**Work to complete:** Look through the data below and output, unchanged, every line from the one holding "軟體進行遠端桌面操作,在電腦上用滑鼠就能夠操作 AirCheck G2。" through the one holding "Nuie Arno LH", inclusive. Skip the pictures.

**Given data:**
----------

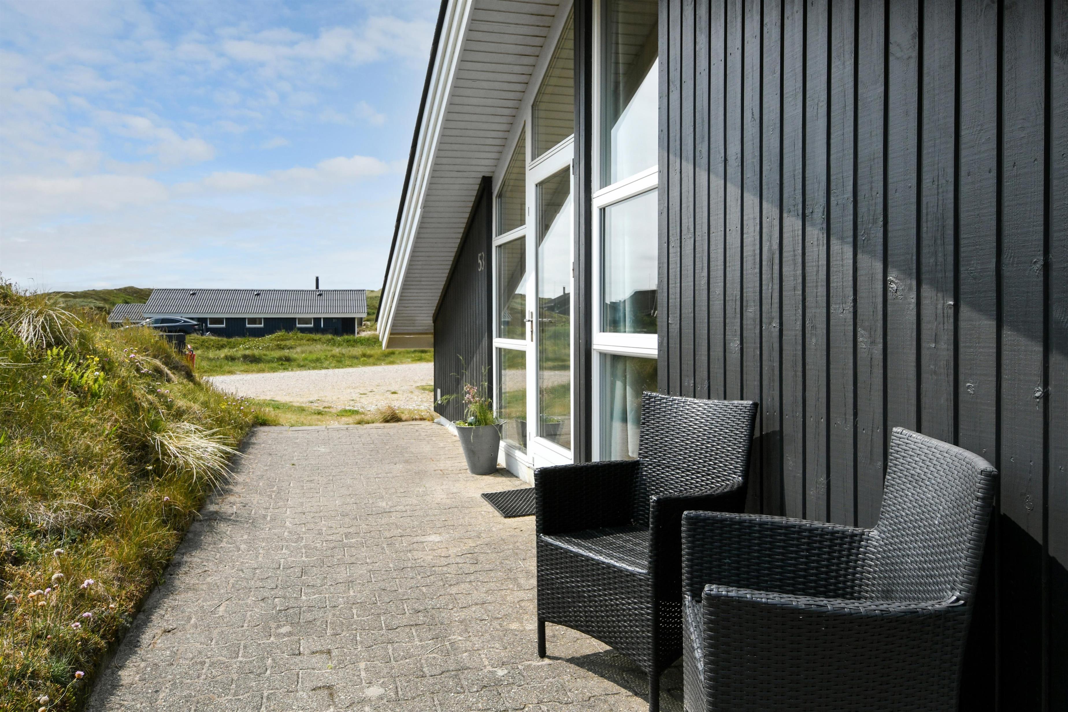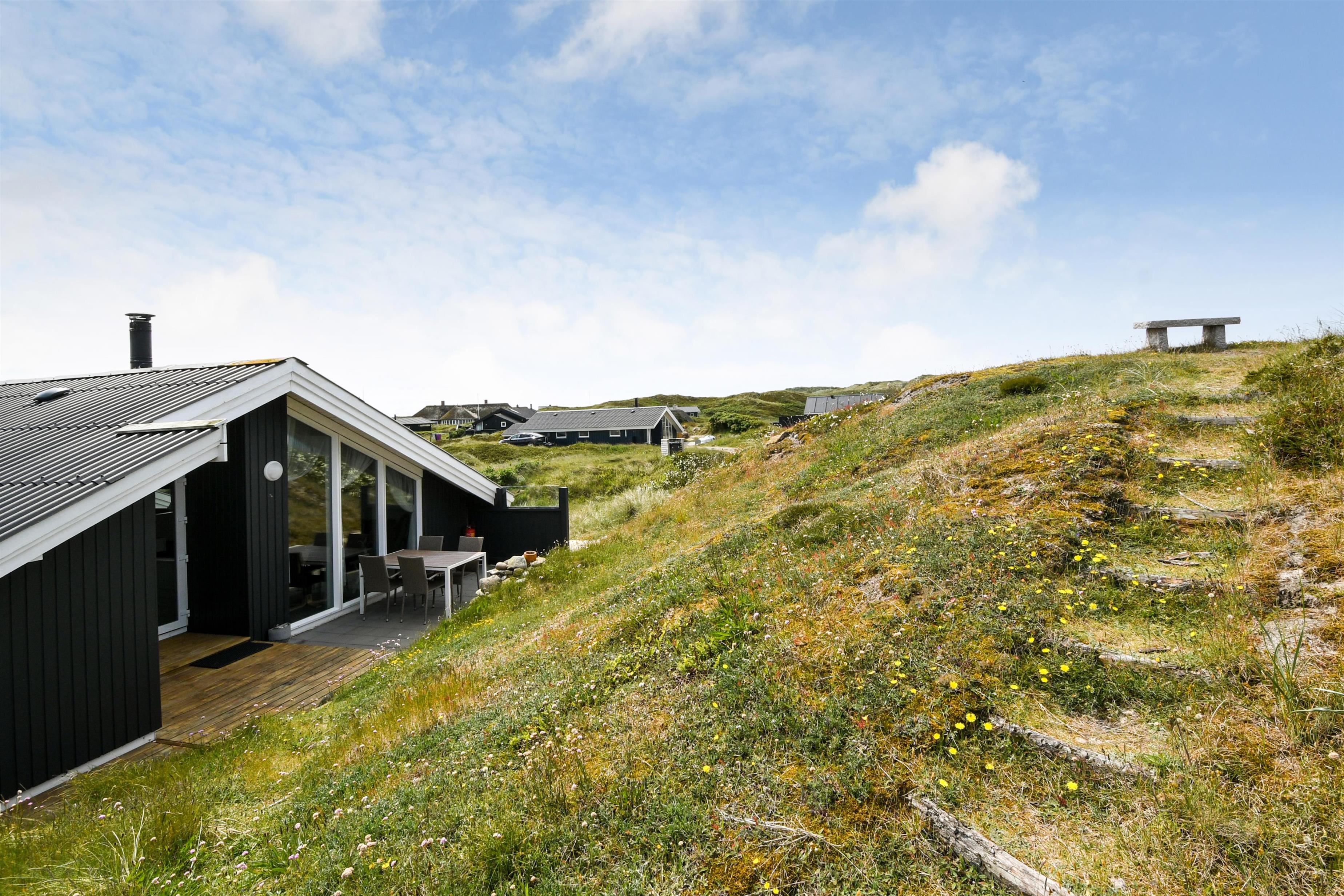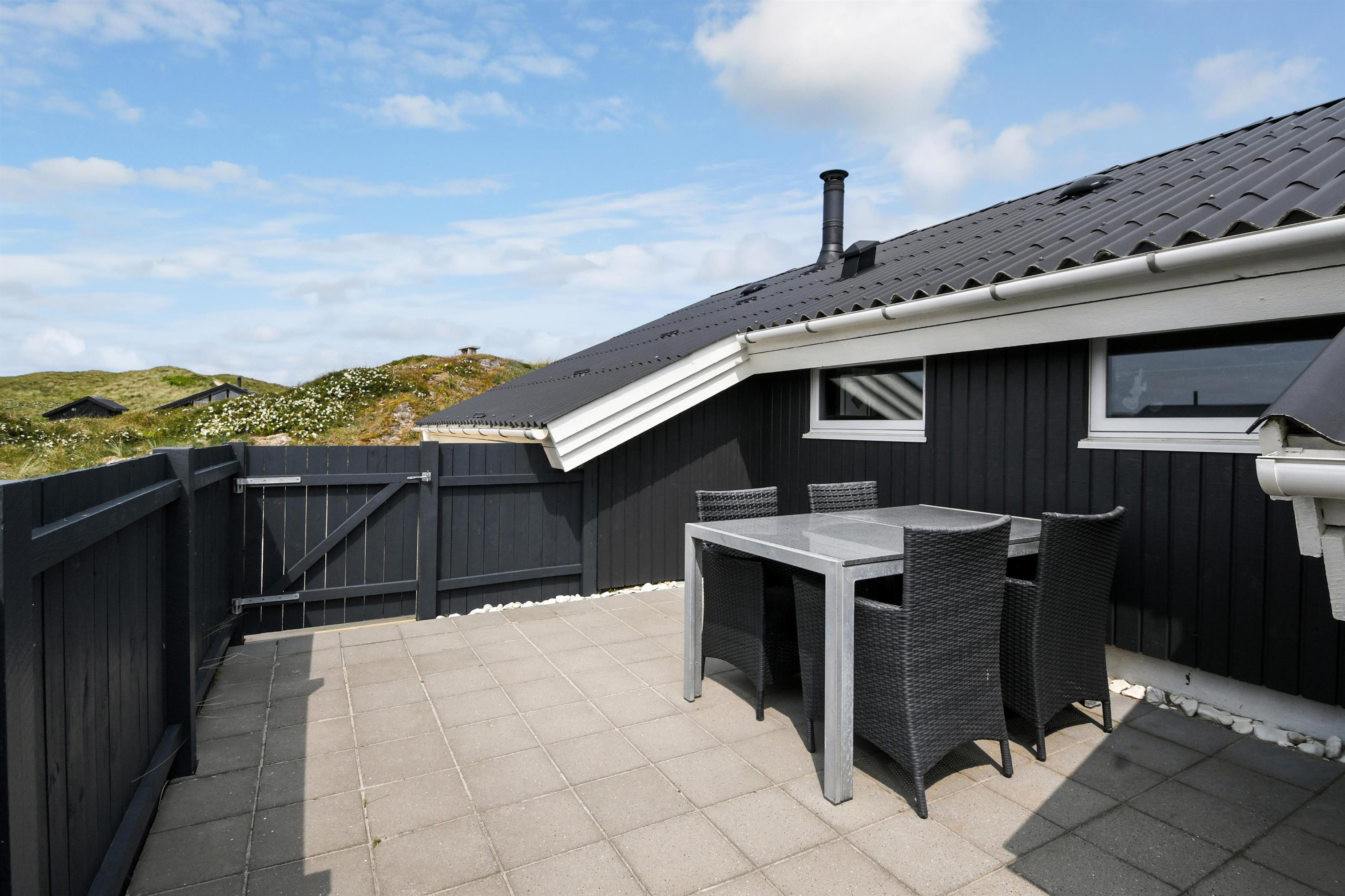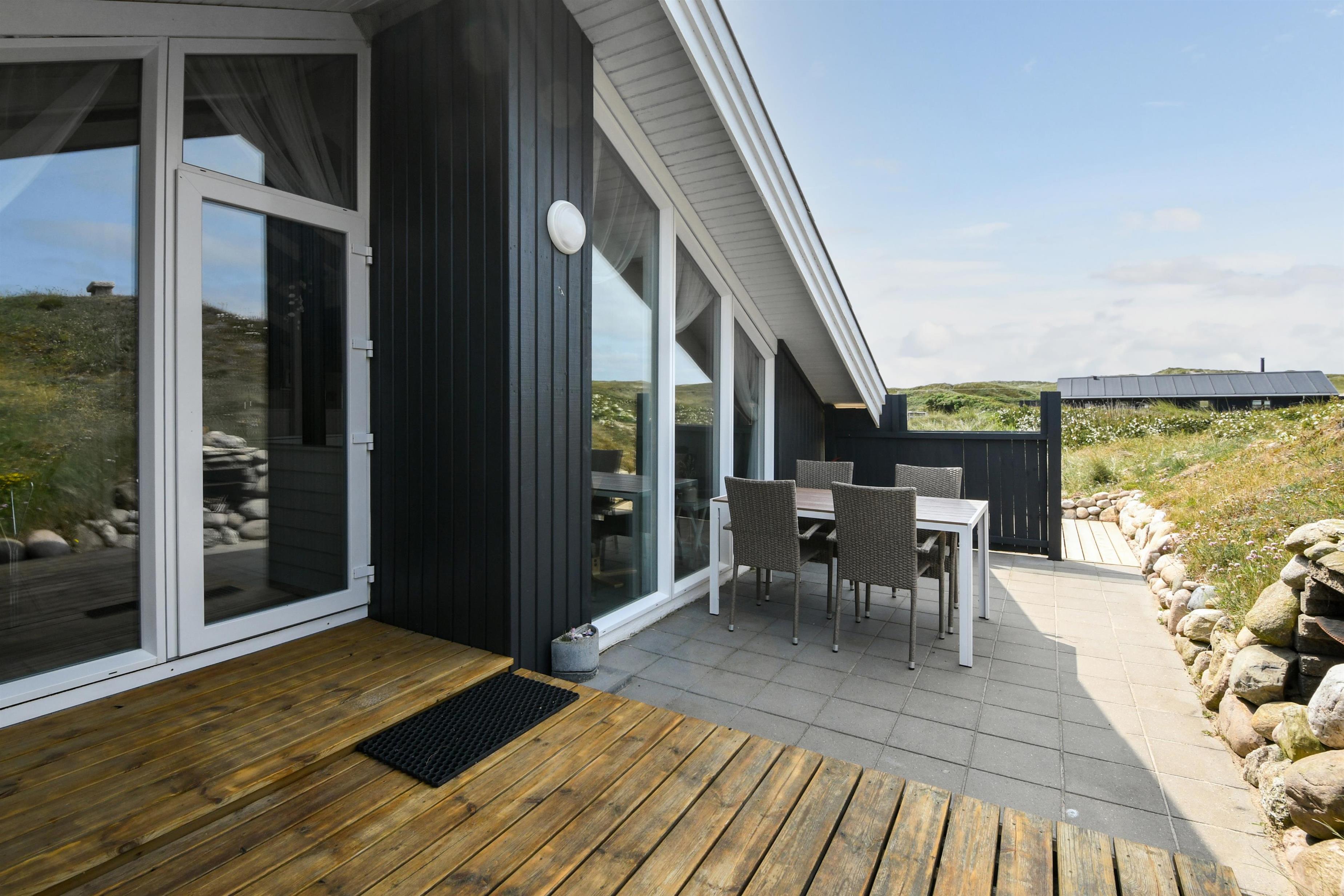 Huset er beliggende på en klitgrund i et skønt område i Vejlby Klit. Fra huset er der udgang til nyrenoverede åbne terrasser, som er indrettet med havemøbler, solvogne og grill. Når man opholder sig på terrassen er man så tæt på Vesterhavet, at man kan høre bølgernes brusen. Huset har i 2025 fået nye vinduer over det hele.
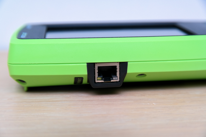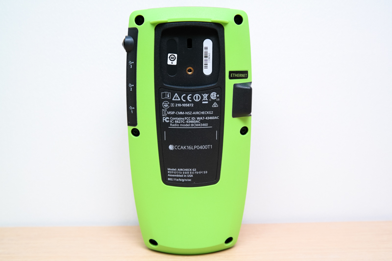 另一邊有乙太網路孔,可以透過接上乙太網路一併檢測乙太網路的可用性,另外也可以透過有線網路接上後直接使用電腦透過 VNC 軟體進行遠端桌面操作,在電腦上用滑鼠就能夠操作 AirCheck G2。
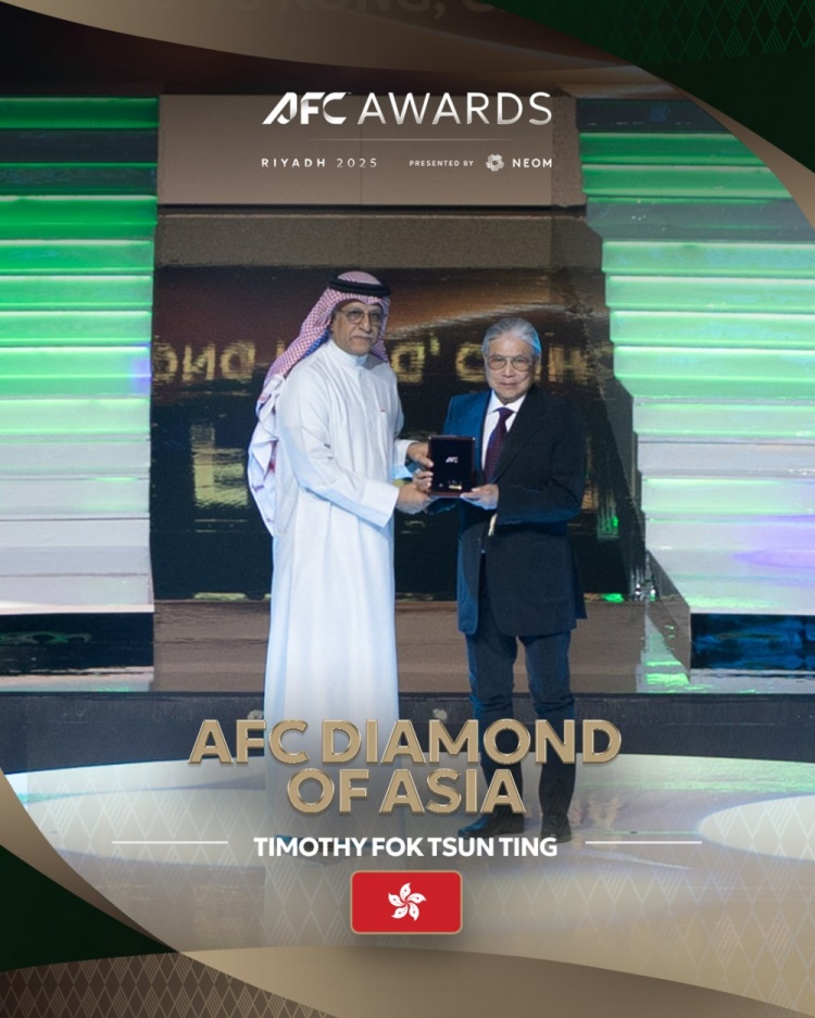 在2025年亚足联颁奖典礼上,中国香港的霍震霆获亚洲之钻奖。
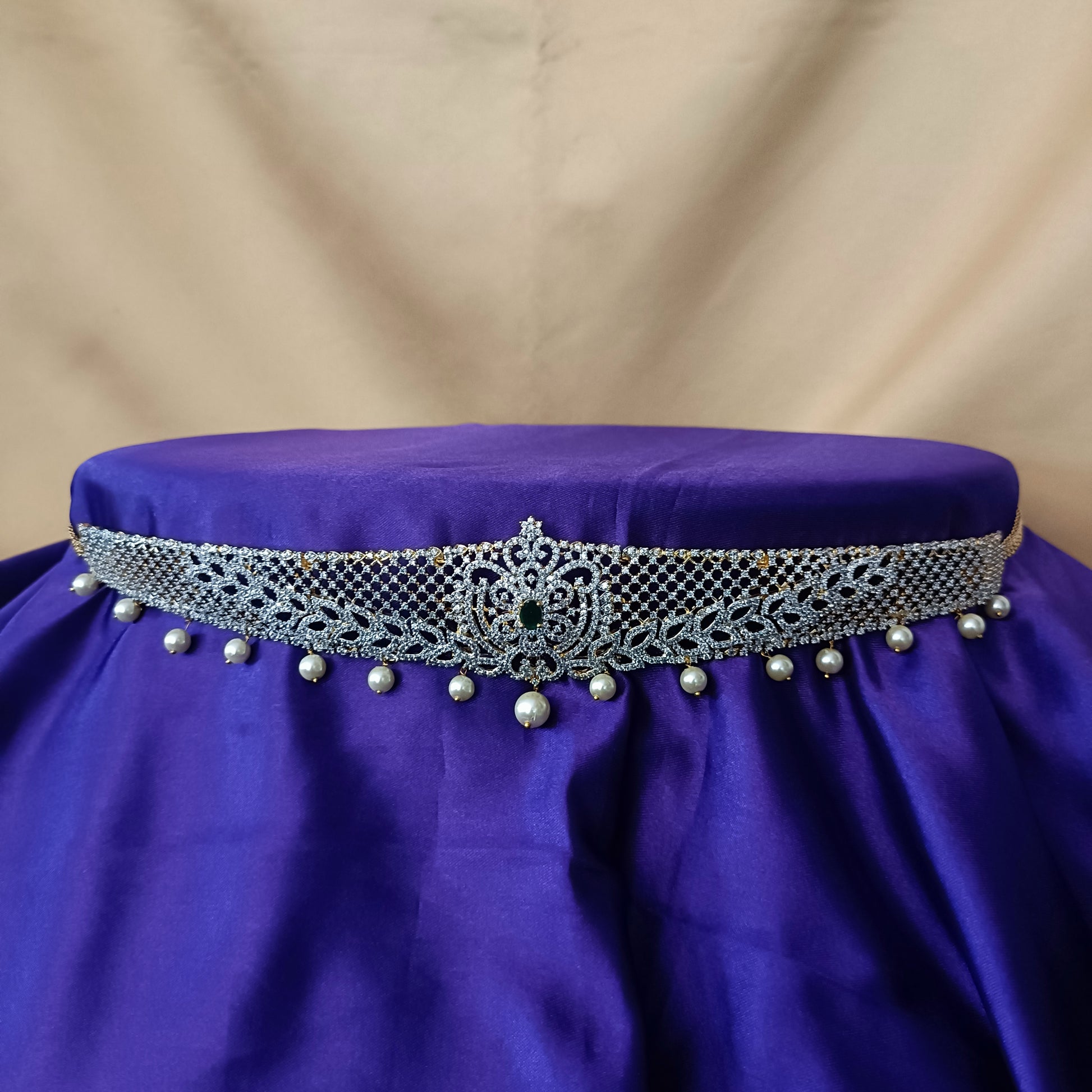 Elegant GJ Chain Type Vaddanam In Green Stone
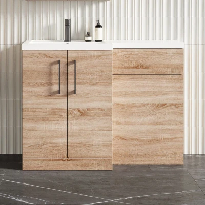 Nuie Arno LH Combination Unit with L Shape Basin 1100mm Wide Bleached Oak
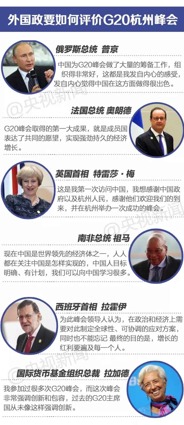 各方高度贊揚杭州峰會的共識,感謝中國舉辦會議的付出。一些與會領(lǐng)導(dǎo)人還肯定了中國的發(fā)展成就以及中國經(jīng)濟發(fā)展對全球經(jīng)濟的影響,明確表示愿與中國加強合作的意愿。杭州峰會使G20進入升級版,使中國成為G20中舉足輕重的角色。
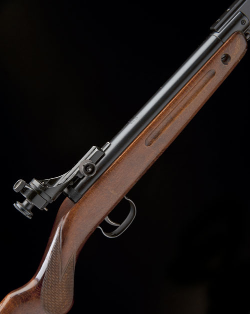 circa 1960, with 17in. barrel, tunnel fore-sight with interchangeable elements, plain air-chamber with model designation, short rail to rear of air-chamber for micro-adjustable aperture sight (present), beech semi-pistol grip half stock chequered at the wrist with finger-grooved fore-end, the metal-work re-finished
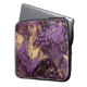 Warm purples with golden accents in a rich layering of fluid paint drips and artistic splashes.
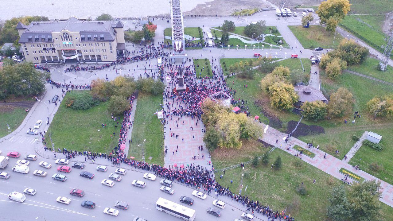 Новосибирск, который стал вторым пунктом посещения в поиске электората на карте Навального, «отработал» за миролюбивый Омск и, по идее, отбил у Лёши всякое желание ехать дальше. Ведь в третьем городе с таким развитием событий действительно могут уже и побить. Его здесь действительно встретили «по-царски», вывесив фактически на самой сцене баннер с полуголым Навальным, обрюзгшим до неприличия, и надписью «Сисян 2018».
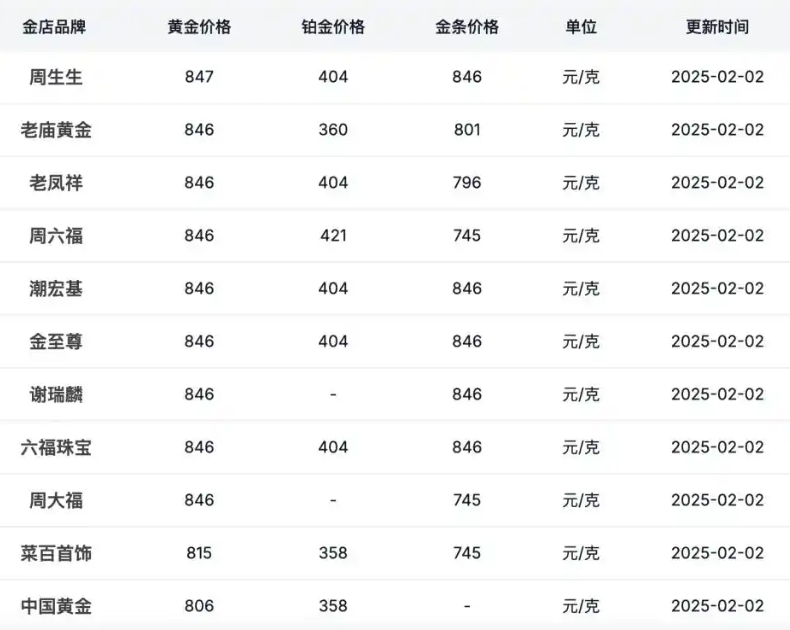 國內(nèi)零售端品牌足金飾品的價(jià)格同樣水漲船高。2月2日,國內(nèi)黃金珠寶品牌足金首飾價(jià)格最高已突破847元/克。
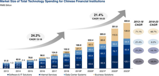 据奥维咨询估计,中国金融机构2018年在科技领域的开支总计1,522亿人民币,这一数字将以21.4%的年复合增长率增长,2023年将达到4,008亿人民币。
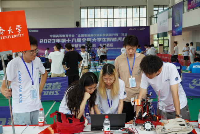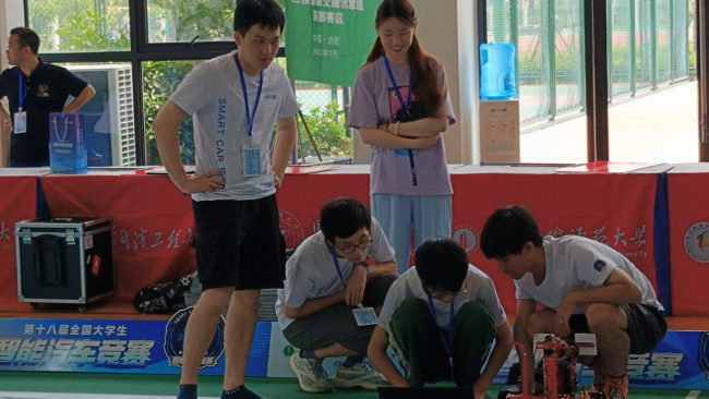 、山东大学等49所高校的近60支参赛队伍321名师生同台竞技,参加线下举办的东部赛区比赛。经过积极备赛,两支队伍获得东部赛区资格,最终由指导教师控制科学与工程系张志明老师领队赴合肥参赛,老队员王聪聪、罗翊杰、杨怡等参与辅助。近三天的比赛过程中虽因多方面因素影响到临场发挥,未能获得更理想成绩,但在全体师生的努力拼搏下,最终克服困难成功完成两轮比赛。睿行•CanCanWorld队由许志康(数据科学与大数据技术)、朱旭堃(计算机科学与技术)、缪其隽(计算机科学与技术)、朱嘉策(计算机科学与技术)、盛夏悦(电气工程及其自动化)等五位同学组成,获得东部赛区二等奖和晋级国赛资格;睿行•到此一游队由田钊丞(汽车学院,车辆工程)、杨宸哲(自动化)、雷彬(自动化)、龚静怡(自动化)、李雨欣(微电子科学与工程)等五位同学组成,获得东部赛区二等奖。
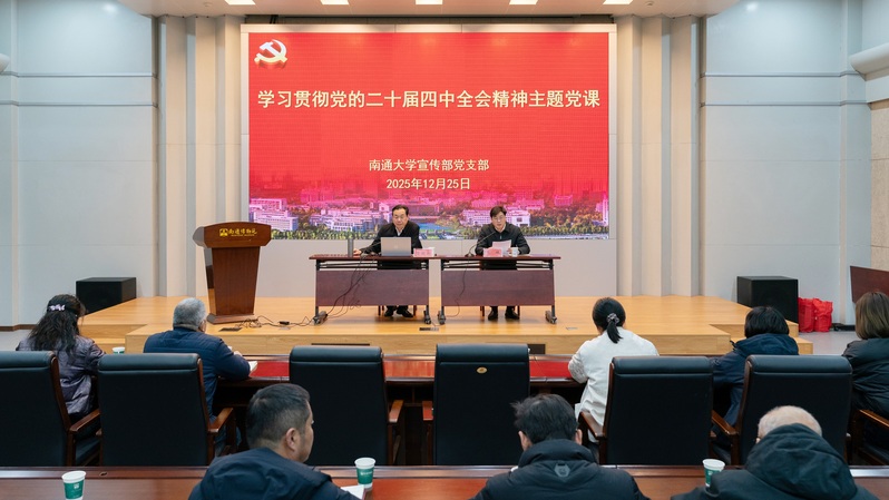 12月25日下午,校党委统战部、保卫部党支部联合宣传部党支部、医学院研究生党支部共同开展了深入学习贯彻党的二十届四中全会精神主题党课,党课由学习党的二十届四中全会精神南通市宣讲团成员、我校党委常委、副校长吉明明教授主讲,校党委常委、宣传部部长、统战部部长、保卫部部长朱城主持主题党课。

----------

**Result:**
 另一邊有乙太網路孔,可以透過接上乙太網路一併檢測乙太網路的可用性,另外也可以透過有線網路接上後直接使用電腦透過 VNC 軟體進行遠端桌面操作,在電腦上用滑鼠就能夠操作 AirCheck G2。
 在2025年亚足联颁奖典礼上,中国香港的霍震霆获亚洲之钻奖。
 Elegant GJ Chain Type Vaddanam In Green Stone
 Nuie Arno LH Combination Unit with L Shape Basin 1100mm Wide Bleached Oak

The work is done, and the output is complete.